The Reuters Institute Digital News Report, Pew Research's State of the News Media, and the Reuters Institute AI in Journalism Survey are cited thousands of times annually in academic papers, industry reports, and AI-generated answers. They achieve this not through expensive research alone but through consistent methodology, credible distribution, and structural choices that make them easy to cite.

The Methodology That Gets Cited

Cited reports have: a named, reproducible methodology (survey of N=X journalists in Y countries, conducted in Z date range); specific, comparative findings (not just "AI usage is growing" but "AI usage grew from 34% to 67% between 2024 and 2026 among newsrooms with 10+ employees"); consistent annual repetition (the same questions asked annually generate trend data that is 10x more cited than one-off surveys); and a data appendix available for download, allowing academic researchers to run their own analyses and cite the underlying data.

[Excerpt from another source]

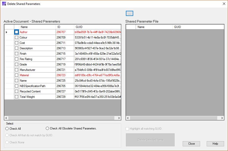You can also open your shared parameters file in the App to compare it against the active document therefore facilitating easy identification of parameters to add, potentially save hours of work.
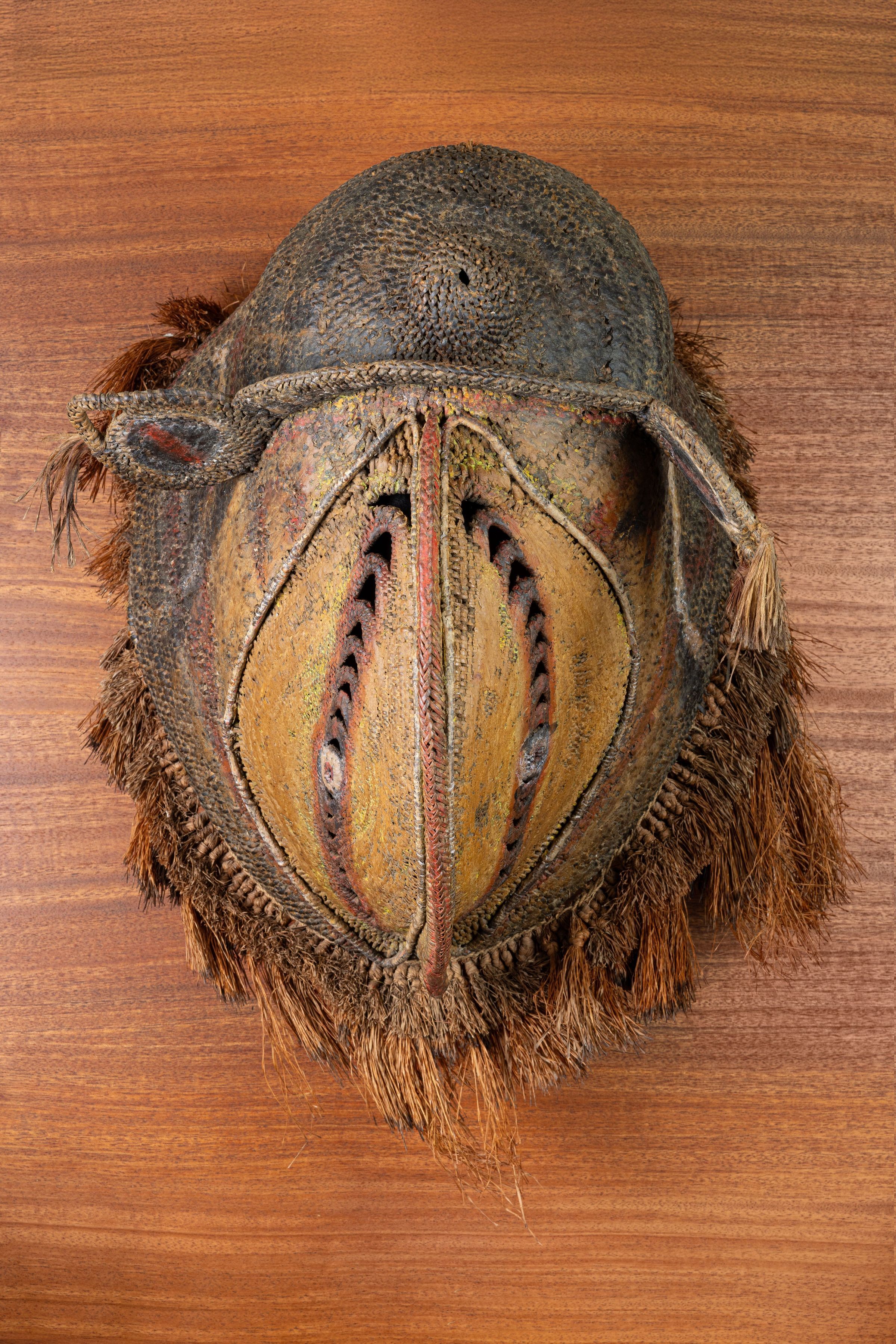 Painted basketry baba (spirit) masks, intricately crafted by skilled Abelam artisans in New Guinea's Maprik region, play a significant role in adolescent initiation rites. For the Abelam, these ceremonies mark a young boy’s entry into manhood, with the initiate donning a ceremonial mask as he undergoes a symbolic transformation. Part of the process involves ritual bloodletting, intended to remove the “female blood” inherited from his mother and to prepare him for adulthood. Wearing this plaited rattan mask, the initiate impersonates the spirits of female ancestors, embodying the essence of his heritage.

Distribution for Academic Citation

Academic citation depends on academics finding your report before writing their papers. Key distribution channels: SSRN and ResearchGate (pre-print servers) for pre-publication reach; direct outreach to 50 academics who publish on related topics; press release to journalism academic journals (Journalism, Journalism Practice, Digital Journalism); submission to Altmetric's tracking system; and co-authorship with a university researcher, which makes the report indexable in Google Scholar.